• **Required work**
Transcribe exactly the lines from the top of the records below through the line that holds "This is the", both included, with no pictures.

• **Data supplied**
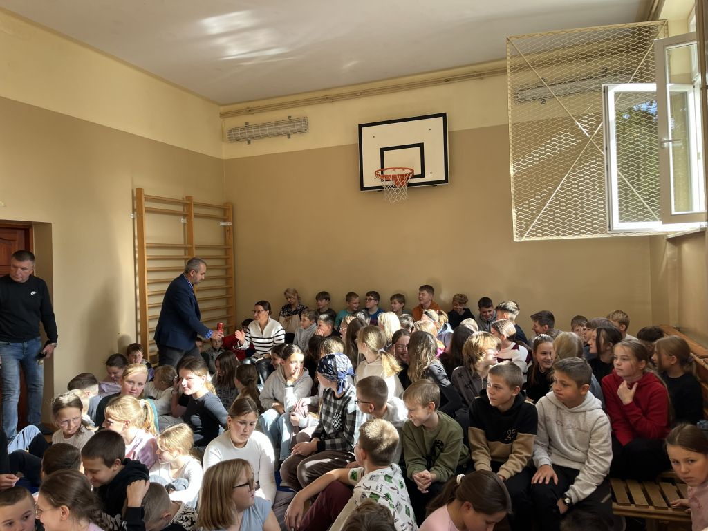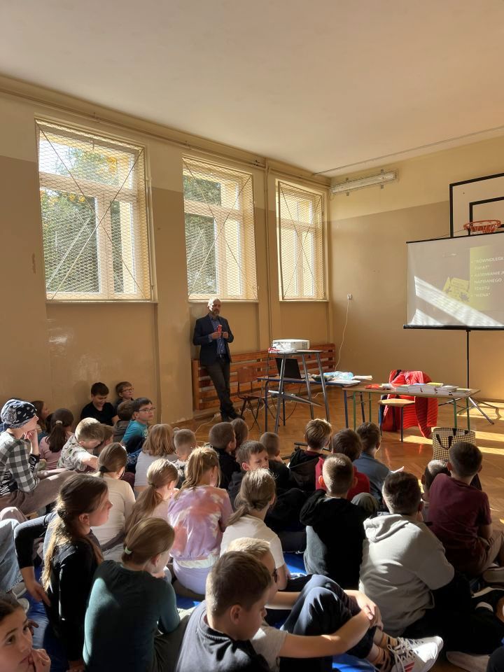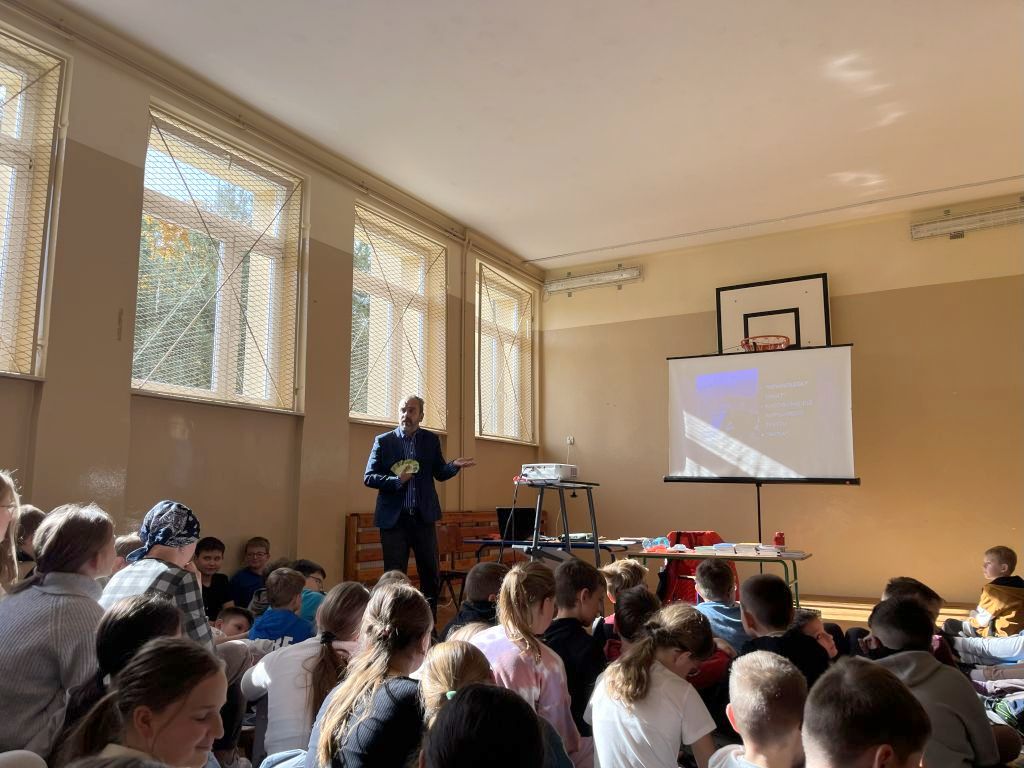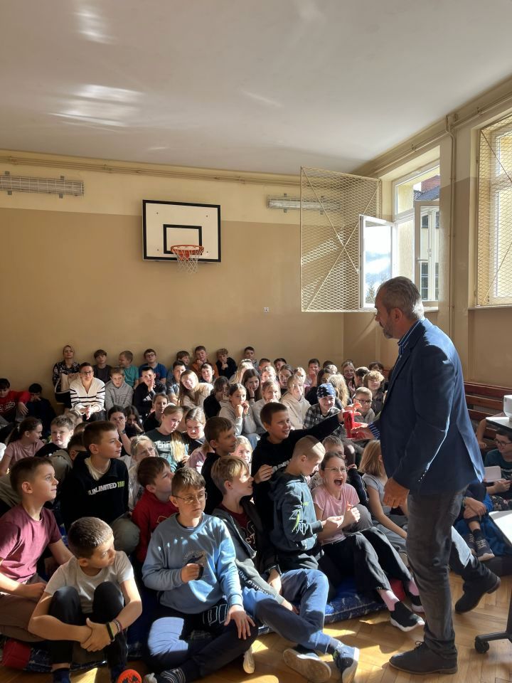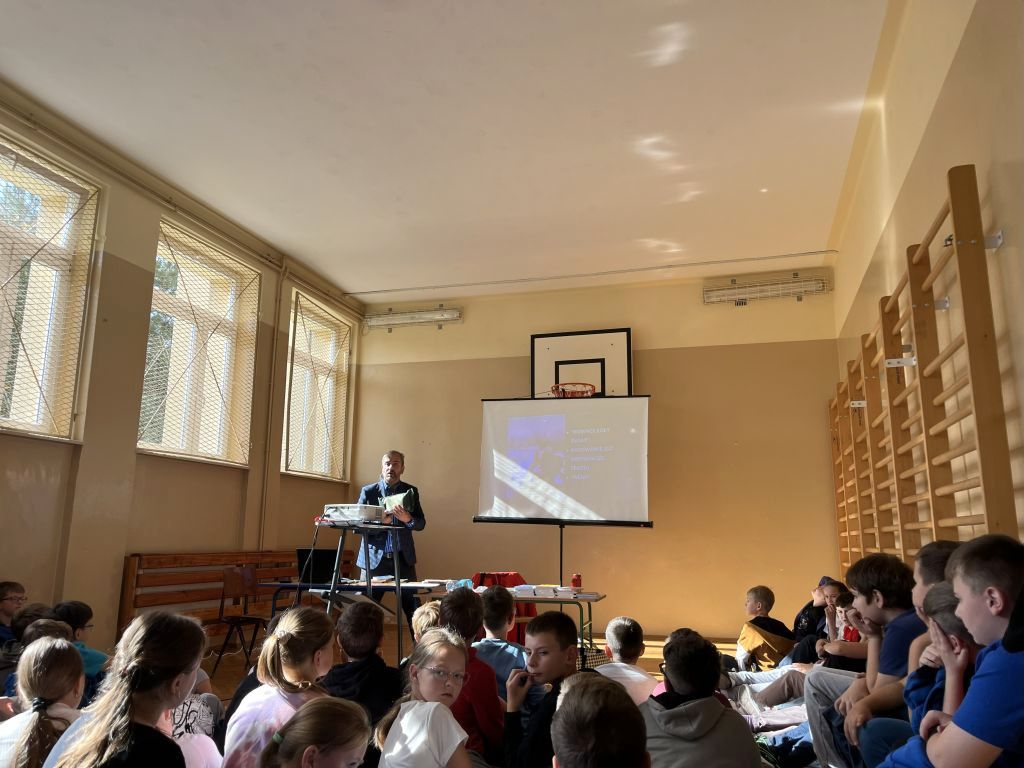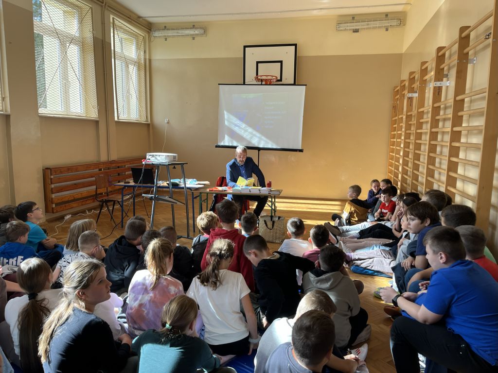 W dniu 13 października 2025 r. uczniowie klas IV – VI uczestniczyli w spotkaniu autorskim z panem Przemysławem Jakóbczykiem, pisarzem i autorem książek dla dzieci i młodzieży. Tematem prelekcji było „Jak powstaje książka – proces od A do Z”.
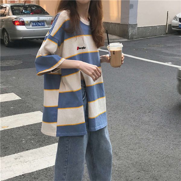 women's t-shirt net red ins super fire stripe short sleeve summer korean fashion loose split high waist prfv, White
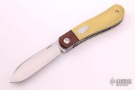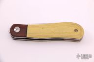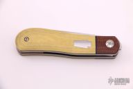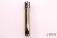 This Dogleg Front Flipper by Enrique Pena features a hand rub satin finished drop point blade with a notched thumbrest and front flipper. The handle has brown canvas micarta bolsters, yellow paper micarta scales over black liners, titanium liners, brown canvas micarta backspacer.  Stainless steel shield. Includes padded zippered case. Very small scratch on the shield, tiny black mark on b-side. Otherwise excellent condition.
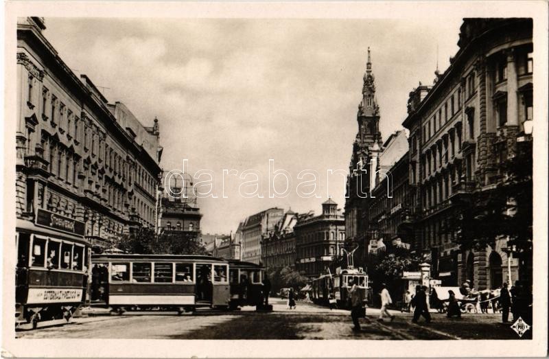 Beschreibung: Budapest VII. Erzsébet körút, villamosok Stollwerck reklámmal, Persil, New York Kávéház
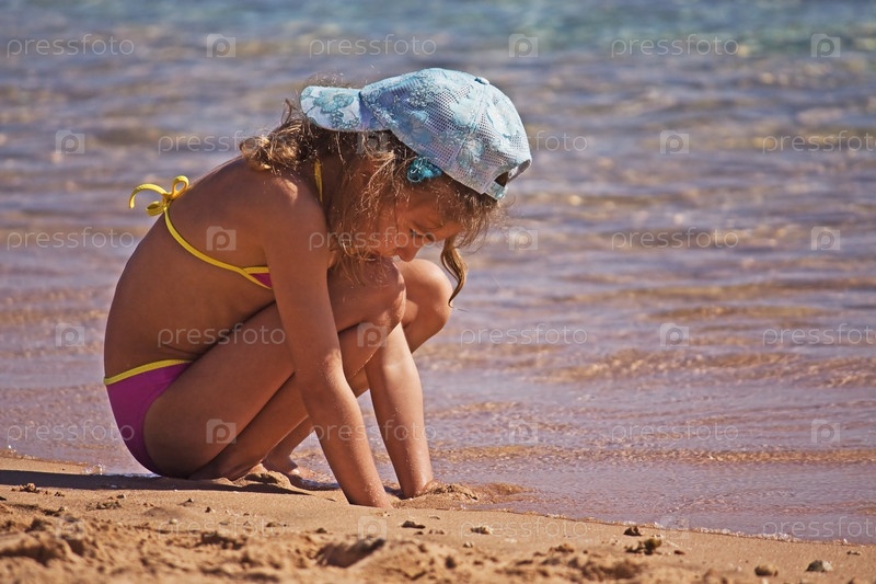 Маленькая девочка, сидящая на пляже и играющая в песок
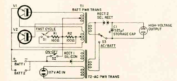 This is the circuit of a commercial flash from the 60’s. We found it in a march 1961 Radio Electronics magazine. The circuit is powered with two batteries and uses a voltage inverter transformer.
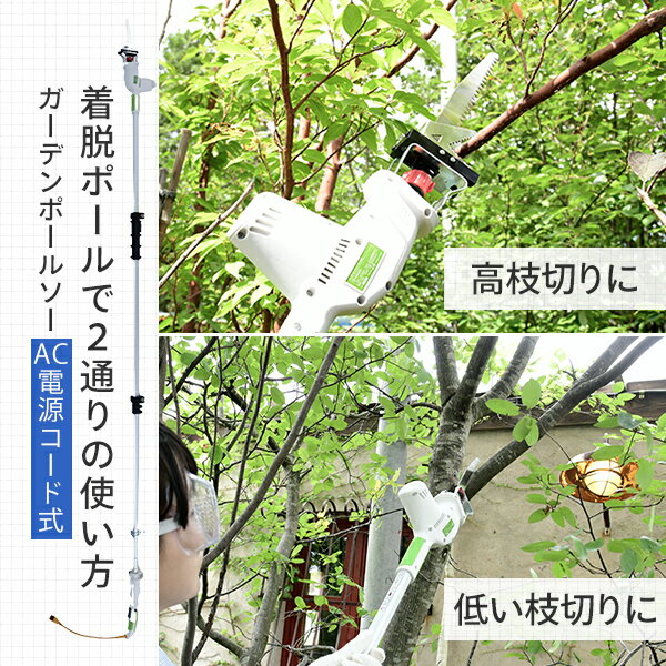 高枝ガーデンポールソー AC電源 最大長さ3m 着脱式伸縮延長ポール 延長コード10m付き PS-3000 高枝切りバサミ 高枝切りばさみ 高枝ばさみ 高枝チェーンソー 高枝チェンソー 剪定 枝切 竹切 軽量 山善 YAMAZEN 【送料無料】
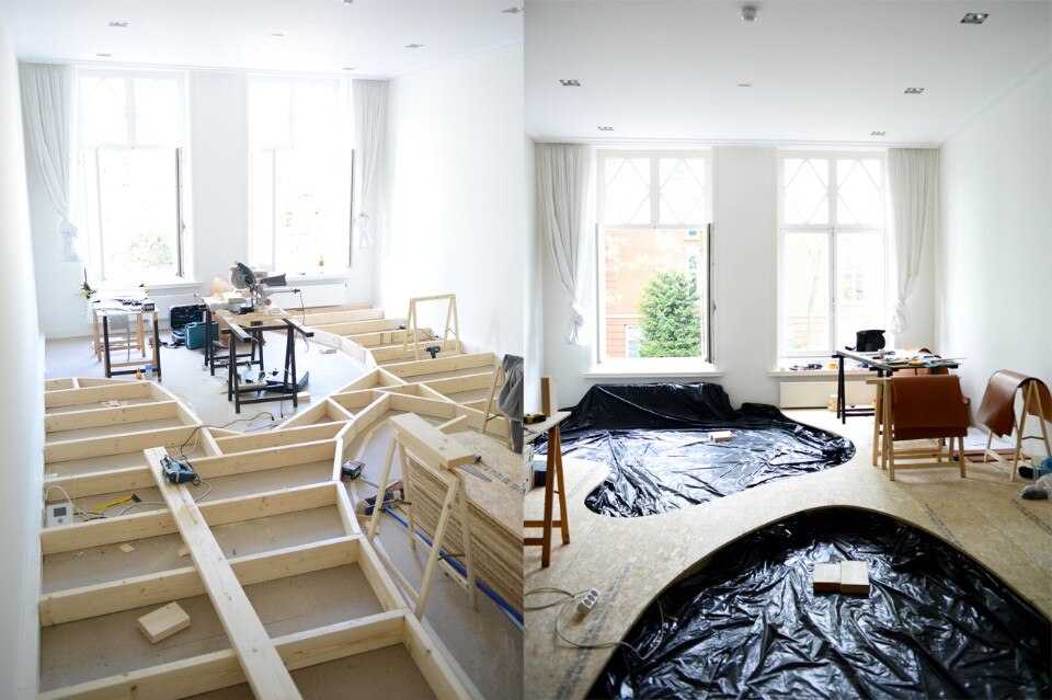 The installation was conceived for the Amsterdam Art Fair, a 5 day event in the center of Amsterdam. The materials used for the installation, refer to the typical art fair atmosphere with the felt event-flooring and plastic like houseplants, while chairs follow the typology of the outdoor foldable chair are detailed and materialized in such a way that they fit the high end atmosphere of the building.
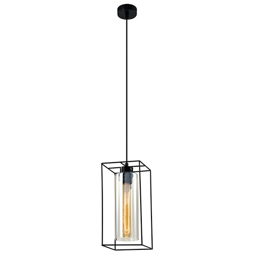 Плафон представляет собой сочетание решетчатой арматуры и стеклянного цилиндра чайного оттенка.
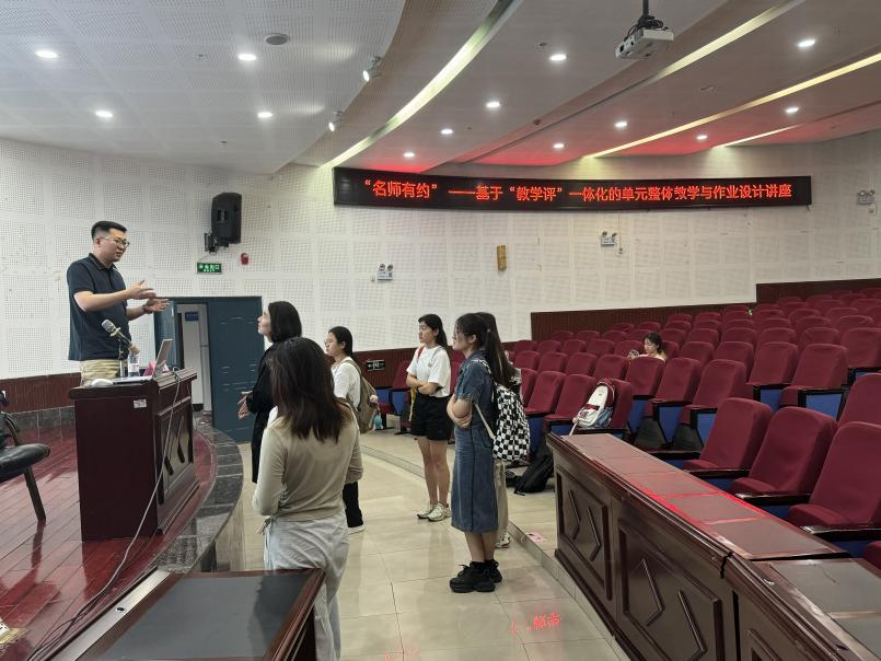 为培养师范生教育情怀,提升师范生综合素养和实践能力,4月27日下午,由党委员工工作部、员工工作处和教师教育公司主办,388vip太阳集团本科生第三党支部承办的“名师有约”讲座在388vip太阳集团101报告厅举办。两江西附教学指导部主任、全国课堂教学大赛一等奖获得者、教师教育公司在读博士裴勇老师应邀主讲“基于‘教学评’一体化的单元整体教学与作业设计”专题讲座。地理科学公司党委副书记、纪委书记胡乐、本科生第三党支部书记郭晓阳出席。来自各师范生培养公司的150名员工通过线上线下相结合的方式参会。

• **Solution**
 W dniu 13 października 2025 r. uczniowie klas IV – VI uczestniczyli w spotkaniu autorskim z panem Przemysławem Jakóbczykiem, pisarzem i autorem książek dla dzieci i młodzieży. Tematem prelekcji było „Jak powstaje książka – proces od A do Z”.
 women's t-shirt net red ins super fire stripe short sleeve summer korean fashion loose split high waist prfv, White
 This Dogleg Front Flipper by Enrique Pena features a hand rub satin finished drop point blade with a notched thumbrest and front flipper. The handle has brown canvas micarta bolsters, yellow paper micarta scales over black liners, titanium liners, brown canvas micarta backspacer.  Stainless steel shield. Includes padded zippered case. Very small scratch on the shield, tiny black mark on b-side. Otherwise excellent condition.
 Beschreibung: Budapest VII. Erzsébet körút, villamosok Stollwerck reklámmal, Persil, New York Kávéház
 Маленькая девочка, сидящая на пляже и играющая в песок
 This is the circuit of a commercial flash from the 60’s. We found it in a march 1961 Radio Electronics magazine. The circuit is powered with two batteries and uses a voltage inverter transformer.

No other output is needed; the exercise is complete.